Aim of the exercise: What you write must match, character for character, the lines from the one with "The inviting living" down to the one with "Von Palm Canyon" in the listing below, minus its pictures.

Given records:
>>>>>
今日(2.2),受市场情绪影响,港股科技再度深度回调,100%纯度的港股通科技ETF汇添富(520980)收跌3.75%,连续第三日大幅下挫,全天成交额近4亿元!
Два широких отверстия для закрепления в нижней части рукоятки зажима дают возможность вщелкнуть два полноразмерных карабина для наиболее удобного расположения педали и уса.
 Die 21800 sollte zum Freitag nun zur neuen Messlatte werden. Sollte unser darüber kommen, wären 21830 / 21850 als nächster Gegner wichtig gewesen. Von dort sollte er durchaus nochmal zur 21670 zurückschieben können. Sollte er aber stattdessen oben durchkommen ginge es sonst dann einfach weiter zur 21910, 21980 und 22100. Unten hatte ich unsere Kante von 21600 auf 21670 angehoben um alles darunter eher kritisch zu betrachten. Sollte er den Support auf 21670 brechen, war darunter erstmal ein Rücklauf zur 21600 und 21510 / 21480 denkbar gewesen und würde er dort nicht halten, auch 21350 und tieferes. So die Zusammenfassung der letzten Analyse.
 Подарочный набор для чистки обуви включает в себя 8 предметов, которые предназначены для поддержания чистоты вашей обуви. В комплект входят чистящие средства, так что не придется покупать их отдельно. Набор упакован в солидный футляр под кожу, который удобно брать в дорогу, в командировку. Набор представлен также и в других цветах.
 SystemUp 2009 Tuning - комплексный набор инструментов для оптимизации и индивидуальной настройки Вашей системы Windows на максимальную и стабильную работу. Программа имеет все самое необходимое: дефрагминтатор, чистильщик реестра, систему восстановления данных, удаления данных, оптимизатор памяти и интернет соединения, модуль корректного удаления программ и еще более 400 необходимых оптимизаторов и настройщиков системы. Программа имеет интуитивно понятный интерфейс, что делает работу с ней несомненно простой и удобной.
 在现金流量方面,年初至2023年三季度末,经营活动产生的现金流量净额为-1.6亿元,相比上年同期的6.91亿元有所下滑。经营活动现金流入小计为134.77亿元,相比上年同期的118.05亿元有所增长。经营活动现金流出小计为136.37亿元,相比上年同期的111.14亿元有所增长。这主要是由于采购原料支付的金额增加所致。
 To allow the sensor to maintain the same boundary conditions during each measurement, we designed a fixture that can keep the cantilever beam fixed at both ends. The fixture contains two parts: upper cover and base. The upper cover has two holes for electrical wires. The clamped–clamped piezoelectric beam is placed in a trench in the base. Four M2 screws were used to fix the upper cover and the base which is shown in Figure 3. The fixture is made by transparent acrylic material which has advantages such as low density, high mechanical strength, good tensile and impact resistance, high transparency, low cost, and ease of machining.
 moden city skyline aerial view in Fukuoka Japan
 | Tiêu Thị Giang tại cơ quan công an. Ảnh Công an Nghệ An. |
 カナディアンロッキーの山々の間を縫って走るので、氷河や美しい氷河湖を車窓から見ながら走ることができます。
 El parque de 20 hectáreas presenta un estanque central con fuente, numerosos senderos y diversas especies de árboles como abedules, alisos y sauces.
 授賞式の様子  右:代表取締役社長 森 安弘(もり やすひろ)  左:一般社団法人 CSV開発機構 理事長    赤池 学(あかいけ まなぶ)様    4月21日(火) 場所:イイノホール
<<<<<
>>>>>
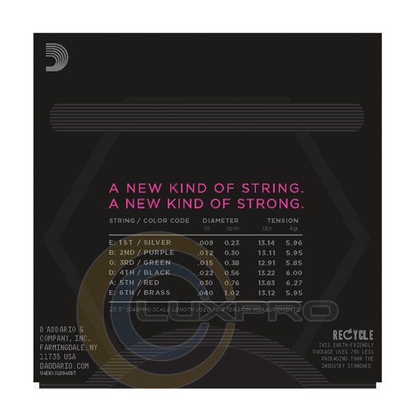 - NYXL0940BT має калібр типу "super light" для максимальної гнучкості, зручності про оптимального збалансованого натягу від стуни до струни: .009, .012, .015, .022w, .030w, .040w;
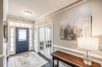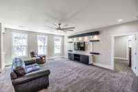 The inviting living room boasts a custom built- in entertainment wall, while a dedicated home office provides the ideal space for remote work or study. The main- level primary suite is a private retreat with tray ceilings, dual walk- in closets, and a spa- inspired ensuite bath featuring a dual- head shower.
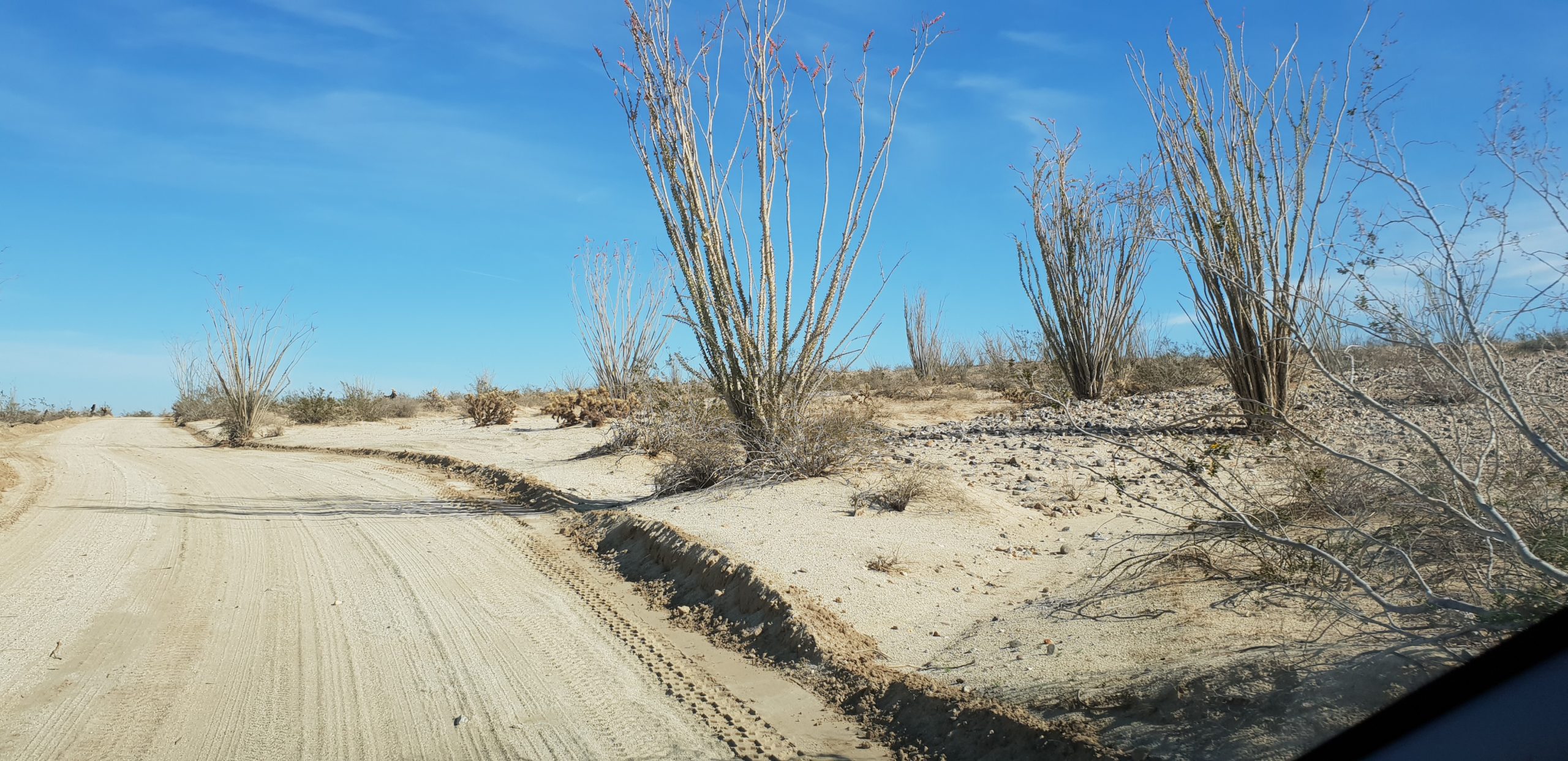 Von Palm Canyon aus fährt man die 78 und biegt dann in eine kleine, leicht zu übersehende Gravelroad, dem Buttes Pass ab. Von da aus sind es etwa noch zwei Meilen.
<<<<<
Output below:
 The inviting living room boasts a custom built- in entertainment wall, while a dedicated home office provides the ideal space for remote work or study. The main- level primary suite is a private retreat with tray ceilings, dual walk- in closets, and a spa- inspired ensuite bath featuring a dual- head shower.
 Von Palm Canyon aus fährt man die 78 und biegt dann in eine kleine, leicht zu übersehende Gravelroad, dem Buttes Pass ab. Von da aus sind es etwa noch zwei Meilen.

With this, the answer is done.